December 28, 2012 by jannie123
I know inside my heart that this would happen one day. We never were in a proper relationship, and so this is not considered a breakup. However, it was certainly a major milestone as I decided that I need to let him go.
I saw him for 2 years and have endured nothing but heartaches. I struggled to get to work, meet other people, and feeling good about myself. Often, I feel unwanted and unloved. I tried to date other people but my heart had no room for others. I guess my dates could tell that I was not into them. Although at times, it makes them work harder to be with me, I honestly found that kind of behaviour nothing but annoying. I had no room for other men other than him. The relationship had endured a lot of ups and downs over the years, and I’m exhausted about investing my heart and energy into something that not only fail to generate any return, but actually harms me!
I met with him yesterday for the first time in a month and he was extremely cold to me. He even told me to find someone else. It was callous. I went home and cried. This is not the first time I have experienced heartache. I know this relationship cannot go on like this. I know I have to let him go. And so I started this blog to document how I survive this ordeal from Day 1. I hope in writing and expressing myself, I will find some relief. And I hope that anyone who is reading this diary will take comfort in knowing that you are not alone. Many of us struggle through such experience. We will get through this… we must… we have no choice.. We deserve a better future.

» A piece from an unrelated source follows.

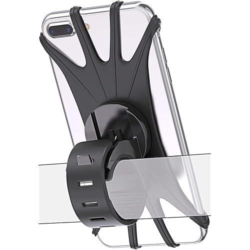 Bovon バイク・自転車用スマホホルダーは、バイク・自転車はもちろん、ベビーカーやショッピングカートにも取り付け可能なベルト型のスマホホルダーです。シリコン製のバンドでスマホを固定するので、4インチから6.7インチまで幅広く対応します。
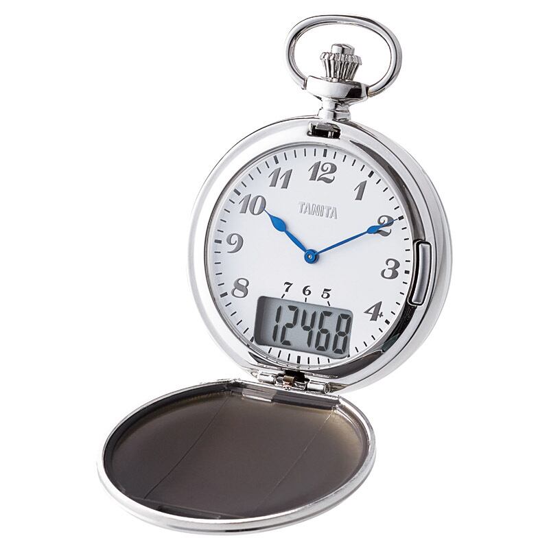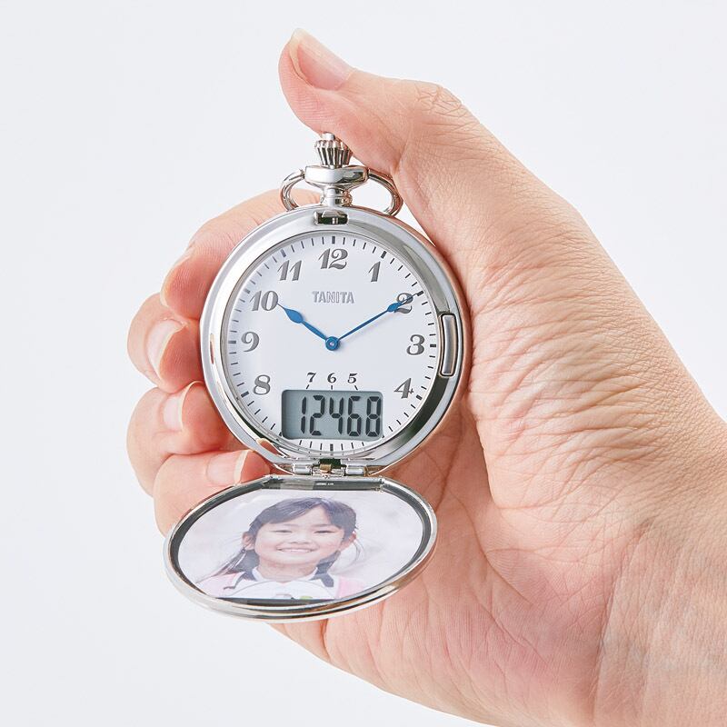懐中時計をモチーフにした歩数計。懐中時計の内側に思い出の写真やメッセージを入れることができるので、プレゼントにおすすめ。アナログ時計の文字盤にデジタルの歩数表示。身につけるだけの3Dセンサー搭載。面倒な設定は一切不要。お試し用ボタン電池1個付。

The first thing I did was cry. I let it all out. I cried and feel all the sadness inside my heart. All the broken dreams and expectations unmet, I let it all out of the system. I could not eat and hardly slept. I woke up every 2 hours at night. I finally found some relief through meditation. I focused my mind on my breath only, and was able to sleep for 4 hours.
I was exhausted from crying and my eyes were all puffy. I called into sick as I don’t think I could sit at work for 8 hours without crying again. I read some articles on how to let go, and one thing that stood out was “If it was meant to be, it will come back to you”. I guess there are many things that are out of our control…. I cannot make him love me…. what I could do, however, is I can choose to love myself.

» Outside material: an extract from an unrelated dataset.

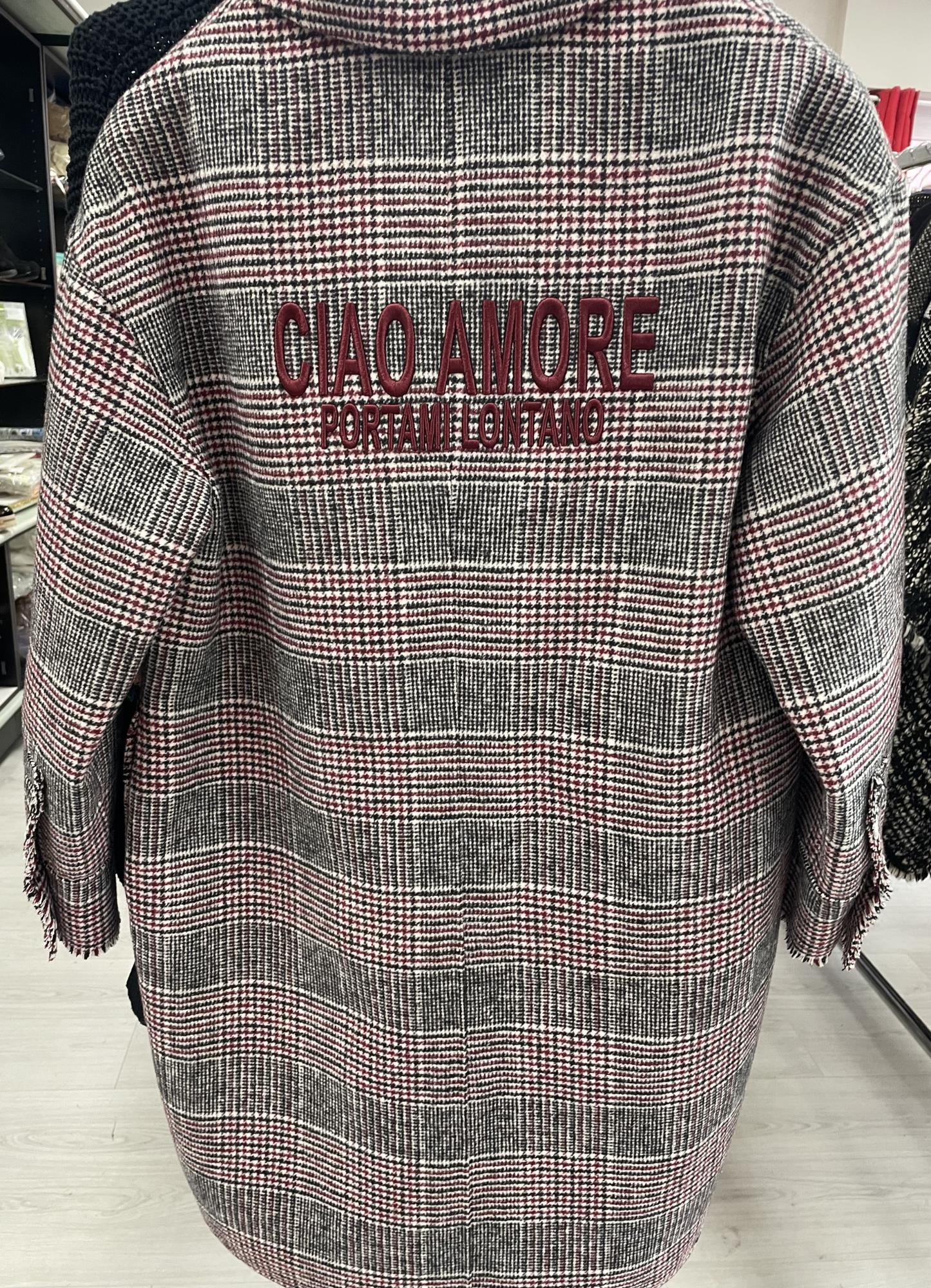 cappotto pied de poul grigio bordeaux con scritta tg. M Patrizia Parma

I texted him saying I am doing OK….I will focus on myself and one day, you will see what you are missing. I then got out of bed and decided that the best “revenge” is to improve myself. There are 3 things I’m aiming for: Beauty, Money, and Love. I will do all these things for myself in order to make myself happy. I then spent the next hour talking to my friends over text. I know my friend genuinely cares for me, and I was happy that he took the time to listen and cheered me up. I started to feel a little bit better.

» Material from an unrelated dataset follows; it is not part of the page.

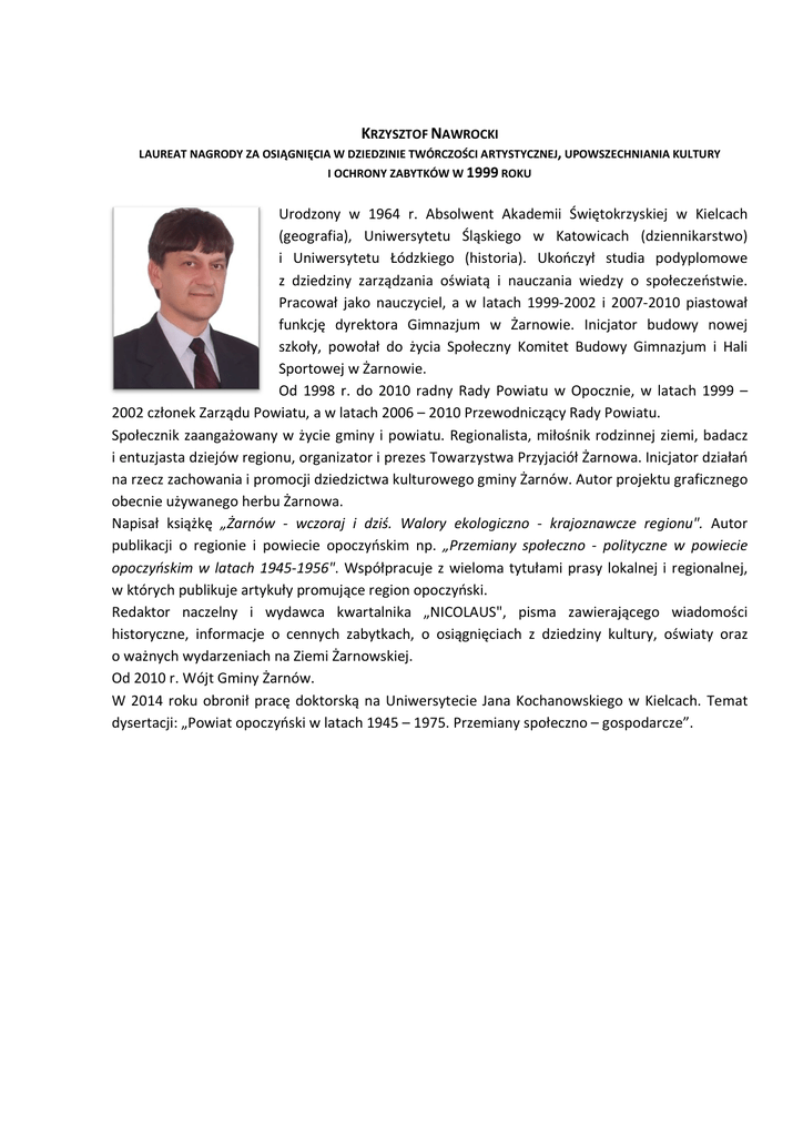 KRZYSZTOF NAWROCKI LAUREAT NAGRODY ZA OSIĄGNIĘCIA SIĄGNIĘCIA W DZIEDZINIE DZIEDZI TWÓRCZOŚCI ARTYSTYCZNEJ, UPOWSZECHNIANIA KULTURY KULT I OCHRONY ZABYTKÓW W 1999 ROKU Urodzony w 1964 r. Absolwent Akademii Świętokrzyskiej w Kielcach (geografia), Uniwersytetu Śląskiego w Katowicach Katowic (dziennikarstwo) i Uniwersytetu Łódzkiego (historia). Ukończył studia podyplomowe z dziedziny zarządzania oświatą i nauczania wiedzy o społeczeństwie. Pracował jako nauczyciel, a w latach 1999-2002 1999 2002 i 2007-2010 2007 piastował funkcję dyrektora Gimnazjum w Żarnowie. Inicjator budowy nowej szkoły, powołał do życia Społeczny Komitet Budowy Gimnazjum i Hali Sportowej w Żarnowie. Od 1998 r. do 2010 radny Rady Powiatu w Opocznie, w latach 1999 – 2002 członek Zarządu Powiatu, a w latach 2006 – 2010 Przewodniczący Rady Powiatu. Społecznik zaangażowany w życie gminy i powiatu. Regionalista, miłośnik rodzinnej ziemi, badacz i entuzjasta dziejów regionu, organizator i prezes Towarzystwa Przyjaciół Żarnowa. Inicjator działań na rzecz zachowania i promocji dziedzictwa kulturowego gminy Żarnów. Autor projektu graficznego obecnie używanego herbu Żarnowa. Napisał książkę „Żarnów Żarnów - wczoraj i dziś. Walory ekologiczno - krajoznawcze regionu". Autor publikacji o regionie i powiecie opoczyńskim np. „Przemiany Przemiany społeczno - polityczne w powiecie opoczyńskim w latach 1945 1945-1956".. Współpracuje z wieloma tytułami prasy lokalnej i regionalnej, w których publikuje artykuły promujące region opoczyński. Redaktor naczelny i wydawca kwartalnika „NICOLAUS", NICOLAUS", pisma zawierającego wiadomości historyczne, istoryczne, informacje o cennych zabytkach, o osiągnięciach z dziedziny kultury, oświaty oraz o ważnych wydarzeniach na Ziemi Żarnowskiej. Od 2010 r. Wójt Gminy Żarnów. W 2014 roku obronił pracę doktorską na Uniwersytecie Jana Kochanowskiego w Kielcach. Temat dysertacji: „Powiat opoczyński w latach 1945 – 1975. Przemiany społeczno – gospodarcze”.

I know, however, talking with friends is only a temporary solution. Once the conversation is over, I’d feel lonely again. I had all these love and energy that was rejected by the guy.. where should I pour them toward? I decided to start this blog. It’s been helping me today whenever I feel desperate and upset. I still miss him and think about him from time to time, but I try to redirect my mind and focus on my blog. I will focus on this until I feel stronger… I want to be so strong that I can also help others to get pass this tough time.